Форма фетовских стихотворений представляет собой лирическую исповедь героя. Это не имеющие и не требующие ответа обращения к «прекрасной даме», в которых проговариваются заветные мысли и чувства, всегда связанные с темой любви. Их вполне можно сравнить с эстетической формулой Жуковского: «Посол души, внимаемый душой» [21. Т. 2. С. 135]. Переживания лирического героя выстроены живописной галереей нравственно-психологических движений его внутреннего мира: здесь грусть и разочарование, тревожное предчувствие и сомнение, болезненность и боль, тоска и скорбь, утрата и прощание, смерть. Хотя поэтическое мироощущение включает в себя также моменты радости, наслаждения, безмятежности, его магистральная линия все же имеет четкое меланхолическое направление. Но эта лирическая меланхолия не безнадежная и не беспросветная, она подчинена образу прекрасного, красоты, за счет которого вообще и оказывается возможным ее существование.
Герой Фета, безусловно, не является Гамлетом, однако в нем заключено то же стремление высказать все впечатления души, возникающие в текущий момент; представить их стройным рядом получается не всегда, поскольку сама суть их имеет нечеткий («воздушный») рисунок - это лишь мгновение, полноту которого запечатлеть невозможно - и здесь вновь Фет сходится с Жуковским в желании «выразить невыразимое».

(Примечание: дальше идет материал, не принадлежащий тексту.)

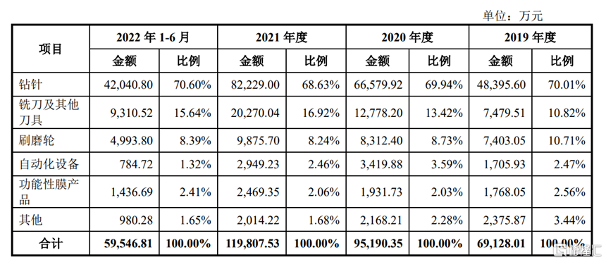 分产品来看,公司主要产品包括钻针、铣刀及其他刀具、刷磨轮等,其中钻针是公司的主要收入来源,其收入占比约70%。
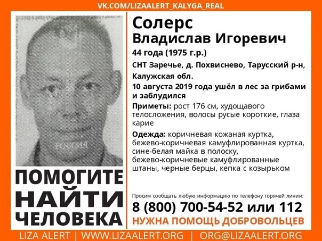 Владислав Солерс ушел за грибами еще 10 августа и до сих пор не вернулся. Сбор волонтеров - сегодня в 17 часов в деревне Похвиснево. Координаторы поиска предупреждают, что одеваться надо так, чтобы не промокнуть в лесу.
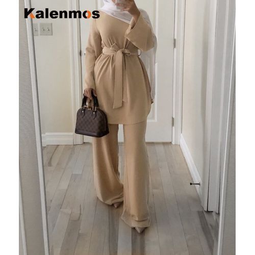 1X 2pecs Set Blouse Wide Leg Pants Women Dubai Muslim Abaya Lace-up Solid Ropa De Mujer Kaftan UAE Islamic Clothing Turkey African
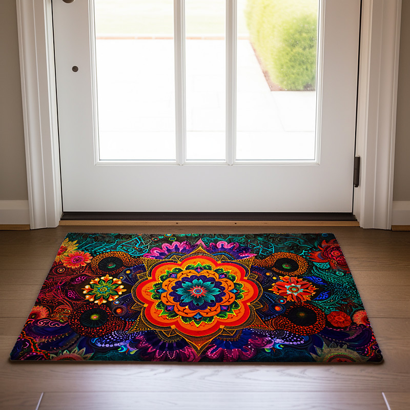 Painting Mandala Bohemian Doormat v Non-Slip Oil Proof Rug Indoor Outdoor Mat Bedroom Decor Bathroom Mat Entrance Rug
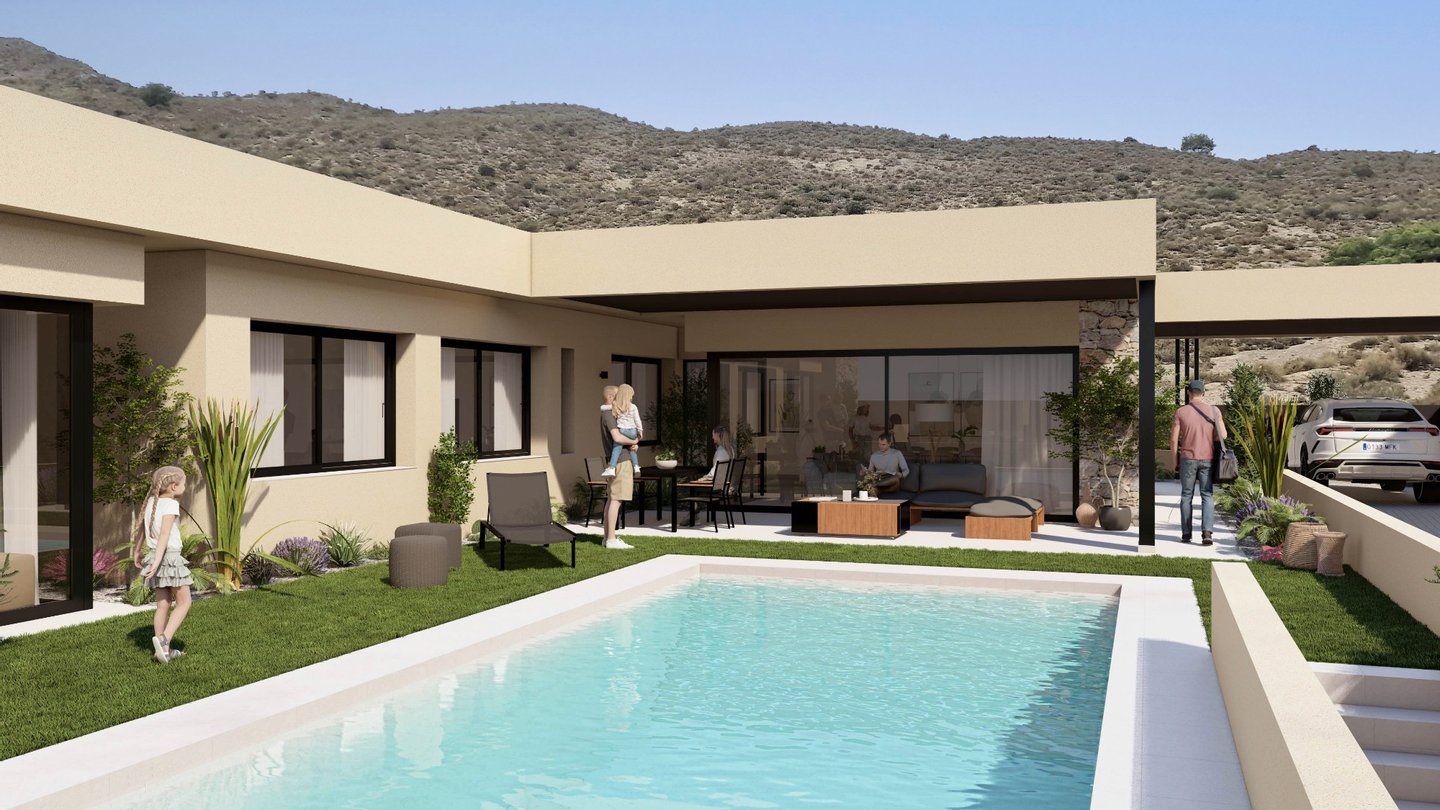 Die Villa befindet sich auf einer Ebene und besteht aus einem Eingangsbereich, der zum geräumigen Wohn- und Essbereich mit großen Fenstern führt, die Zugang zur Terrasse und zum Garten bieten, einer modernen amerikanischen Küche, einer separaten Waschküche, einer Gästetoilette, einer Master-Suite mit großem Schlafzimmer, en-suite Badezimmer und Ankleidebereich, und zwei weitere Doppelschlafzimmer, beide mit eigenem Bad. Die Eigenschaften kommen einschließlich voll installierte Klimaanlage, Fußbodenheizung im Wohnzimmer und Bäder, Küchengeräte (Herd und Dunstabzugshaube), Einbauschränke und USB-Steckdosen in allen Schlafzimmern, Hausautomation, Video-Gegensprechanlage, Innen- und Außen-LED-Beleuchtung, privater Parkplatz auf dem Grundstück, angelegten Garten und privaten Swimmingpool von 8x4, die Wartung des Pools, Gemeinschafts-, Privat-und Dachgärten wird im Rahmen der Gemeinschaft Gebühren der Eigentümer gewährleistet die Gärten sind immer in perfektem Zustand durchgeführt werden. Es gibt auch optionale Extras zur Auswahl, einschließlich Sonnenkollektoren, komplette Küche elektrische Geräte, Gas-System, elektrische Auto Ladepunkt, Kamin, Aufzug (für Villen mit zwei Etagen) und zusätzlichen Stauraum im Flur.
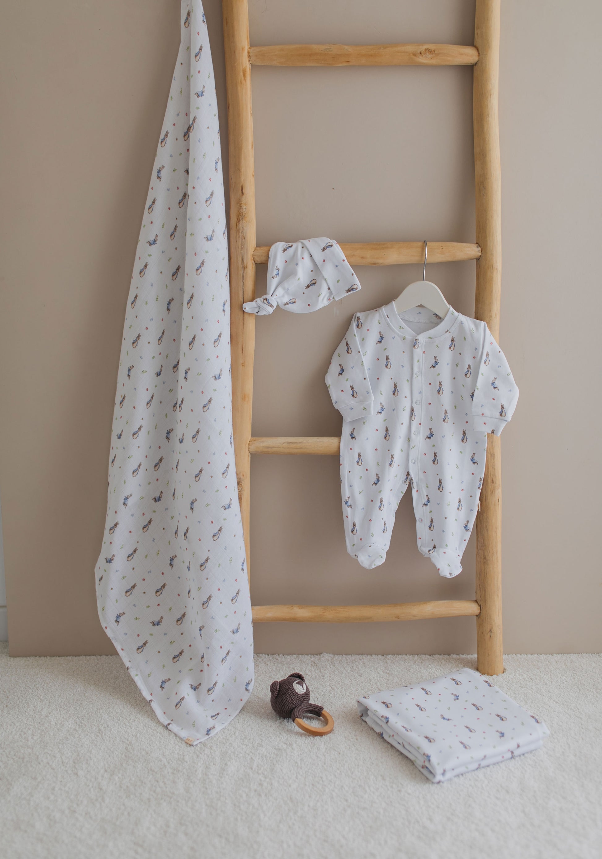 Wrap your baby in nature's tender touch with our Blue Bunny Newborn Set, because your little one deserves the very best.
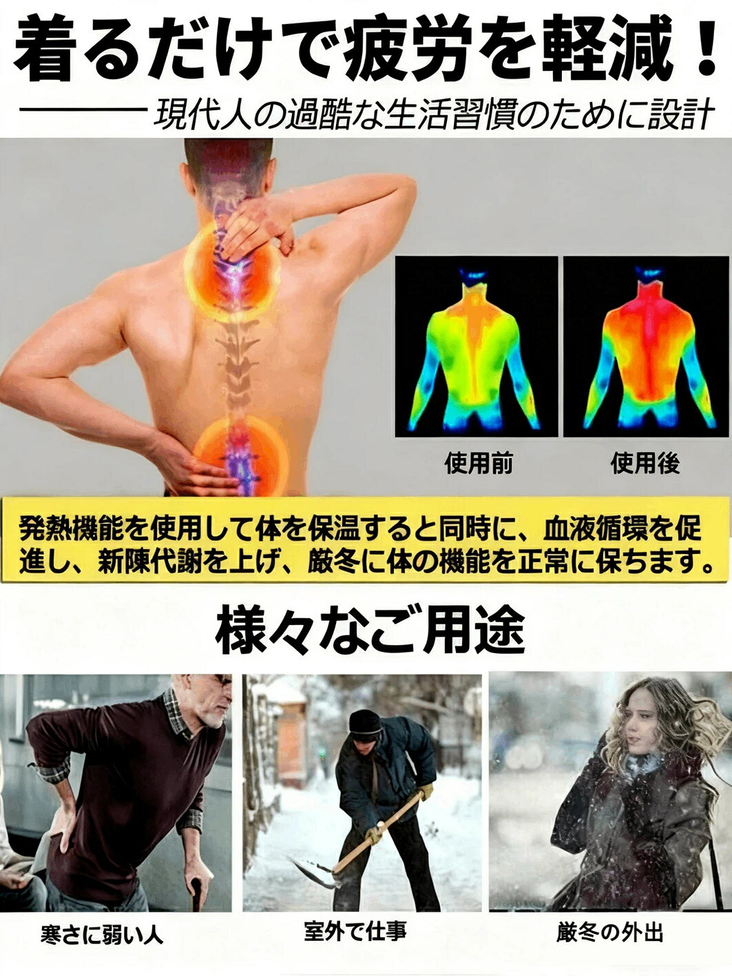 材 (外側):防水ポリエステル (中身):ダウンコットン セット内容:ジャケットのみ 男女兼用 即暖:電源入れて約3秒 ワンスイッチ:強・中・弱の温度ワンスイッチで切り替えるする事が可能! サイズ:写真ご参考 【速暖材料】:電源入れて約3秒!マイクロカートンファイバーで熱伝導が実現です。 【スイッチ】:電源のON/OFFはボタンで一つ!強・中・弱の温度設定は電源の色で簡単にわかる! 【適用場所】:ゴルフだけでなく、釣り・ウォーキング・バイクツーリング・スポーツ観戦・通勤通学・屋外作業など、様々な場面で使用が可能です. 5V/2.5Aの10000mAh以上のモバイルバッテリーをおすすめします。 ※仕様は改善の為に予告なく変更する場合があります。 ※弊社商品は全て実物撮影を行っておりますが、色合いはモニター環境によりどうしても見え方が違ってしまいます。事前にご理解頂けますようお願い申し上げます。 ※大量の注文が必要な場合は、割引を提供することができます。カスタマーサービスに連絡してください。 メーカー希望小売価格はメーカーサイトに基づいて掲載していますメーカー希望小売価格はメーカーサイトに基づいて掲載しています

Наконец, особая роль отводится природе, с помощью которой и в диалоге с которой «неподвластная выражению» поэтическая экспрессия, эстетическая рефлексия находят способ не только явить себя, но и выстроить путь к восприятию и пониманию.
Тургенев во многом действует в тех же координатах, используя голос Гамлета, чтобы дать герою возможность высказать себя. Исповедь Василия Васильевича, мучительно требующая своего слушателя, столь же нестройна и насыщенна. В ней преимущество тоже отдано нотам уныния и грусти (разочарования), хотя общий комплекс оттенков звучания очень велик. Однако если у Фета печаль всегда прекрасна, всегда опоэтизирована и связана с идеалом, то Тургенев в пространстве прозаического мира обнаруживает течение подлинно трагического. Неизбывная драма человеческой жизни не имеет разрешения, у нее нет выхода к искомой гармонии, но есть возможность сопоставления со столь же вечной и непоколебимой силой -природой. Такую нравственно-философскую концепцию Тургенев ярко воплощает через тему смерти в воспоминании героя о похоронах Софьи.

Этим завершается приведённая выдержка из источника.